Using teams as a saas conferencing solution

Copper Contributor

Hi,

We are a smallish company that currently uses Twilio to provide a solution where our users can interview experts. However many of our corporate customers are used to teams and often don't have the necessary whitelists for twilio to work properly. So we are looking into if teams is an option.

 

Our need is quite simple, via API create and reschedule meeting rooms with web links and dial-in numbers.
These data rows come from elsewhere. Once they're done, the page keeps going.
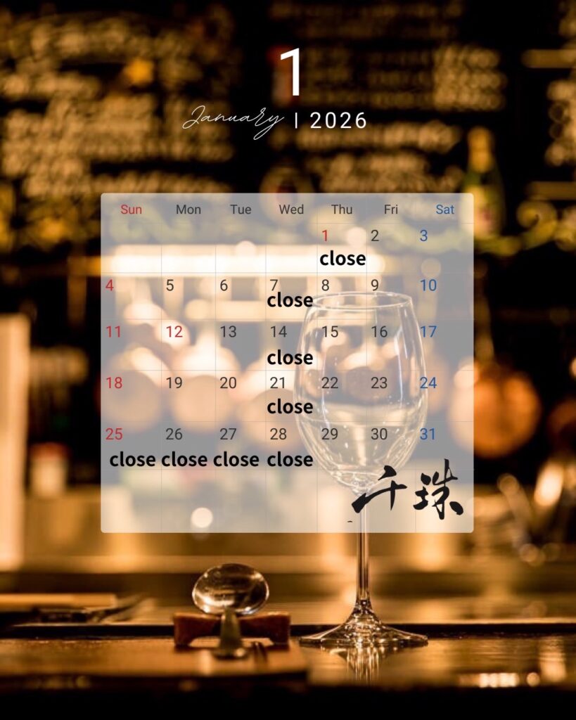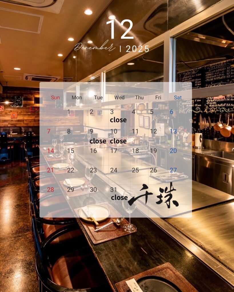 鉄板焼 千珠 12月・2026年1月の営業日のお知らせ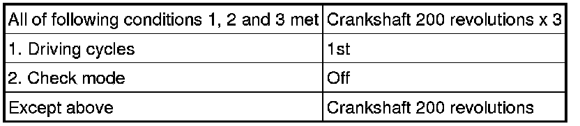 - In every 200 crankshaft revolutions at a normal engine speed, the threshold misfiring percentage is recorded 3 times.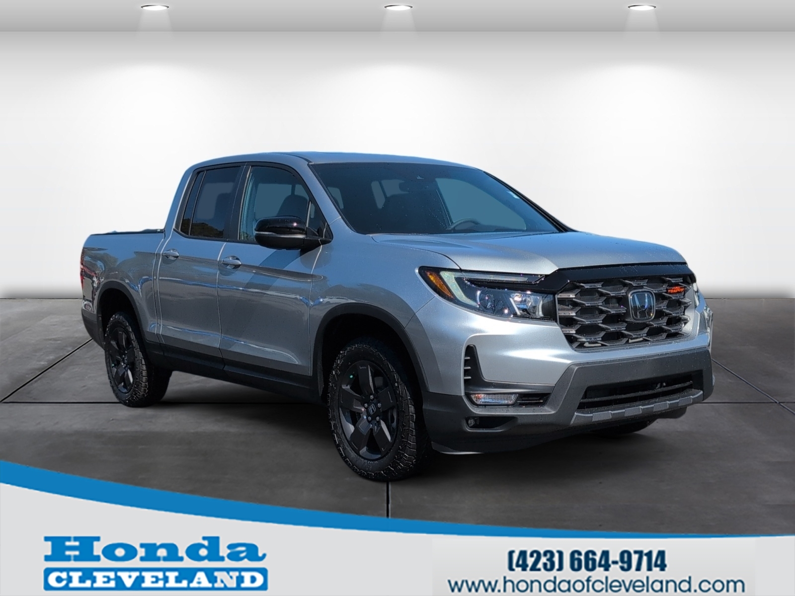 The price you see is our HOC Price. Contact us at (423) 664-9714 to confirm availability and to schedule your test drive. Solar Silver Metallic 2026 Honda Ridgeline TrailSport AWD 9-Speed Automatic Blk Lth Leather.

The issue is that teams is centered around users, it's always a "user" that creates a meeting room.

 

One way to work around that is to

  • create a bunch of users
  • for any new or rescheduled meeting, in our back-end find a user that does not have a meeting at the given meeting time
  • create a meeting using that user and send links to our users in turn

 

Feels like it could get complicated quickly, signing in and out of user accounts to find one that has a free slot. This feels like a bit of a long shot, but, is there any other way to achieve this?

3 Replies

@FilipGr Nothing stops a Teams user having multiple overlapping meetings, each have their own separate dial in code etc.

 

The most elegant solution would be to give all your users Teams and Exchange Calendars, then use an app that calls the graph API to schedule meetings, inviting others as necessary.

 

See Create onlineMeeting - Microsoft Graph v1.0 | Microsoft Docs

@Steven Collierthanks for the quick reply.

 

I guess there is still a limit to how many simultaneous calls that would be? Been trying to google an answer, 4 seems to be some sort of limit but its rather unclear.

 

Creating teams accounts for everyone would be quite expensive. We have thousands of users but very sparse use. You might do 10 meetings for a specific project, but then months can pass before anything happens again.

@FilipGr There is no stated limit, maybe test for your self but I don't expect there to be one.

 

If your users aren't licensed they they will be joining the meeting as a guest user each time, this probably undesirable and not very secure. For example your meetings will need to be configured to be entirely open, no one waits in a lobby as there isn't anyone you can identify as a valid user. Chat will be complex, lots of things won't work right.